### Data to examine
/---

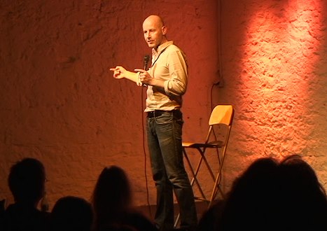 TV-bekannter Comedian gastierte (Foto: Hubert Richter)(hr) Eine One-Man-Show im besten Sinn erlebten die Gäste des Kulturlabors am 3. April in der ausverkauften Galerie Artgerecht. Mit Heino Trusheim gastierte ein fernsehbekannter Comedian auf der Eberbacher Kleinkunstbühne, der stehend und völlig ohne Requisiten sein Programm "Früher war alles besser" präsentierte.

\---
/---

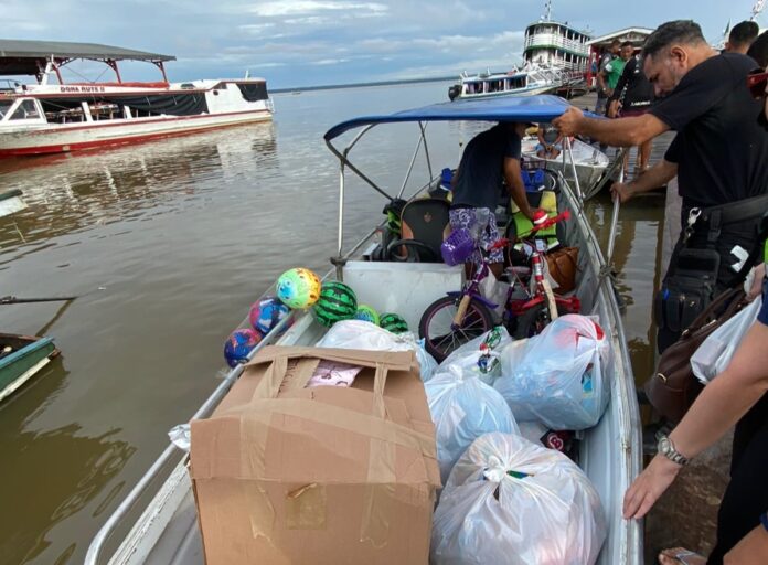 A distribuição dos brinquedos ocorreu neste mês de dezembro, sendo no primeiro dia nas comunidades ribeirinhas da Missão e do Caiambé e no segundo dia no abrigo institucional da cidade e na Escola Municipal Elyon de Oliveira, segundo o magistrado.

\---
/---

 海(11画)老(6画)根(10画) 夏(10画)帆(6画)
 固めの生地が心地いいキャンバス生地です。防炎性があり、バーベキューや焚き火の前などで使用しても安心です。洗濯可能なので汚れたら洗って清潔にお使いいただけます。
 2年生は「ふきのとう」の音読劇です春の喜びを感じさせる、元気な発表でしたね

\---

### Your goal
Could you restate word for word the lines above from the one containing "固めの生地が心地いいキャンバ" through the one containing "2年生は「ふきのとう」の音読劇です春の喜びを感じさせる、元気な発表でしたね", both included, and nothing else?

### Result for this exercise
 固めの生地が心地いいキャンバス生地です。防炎性があり、バーベキューや焚き火の前などで使用しても安心です。洗濯可能なので汚れたら洗って清潔にお使いいただけます。
 2年生は「ふきのとう」の音読劇です春の喜びを感じさせる、元気な発表でしたね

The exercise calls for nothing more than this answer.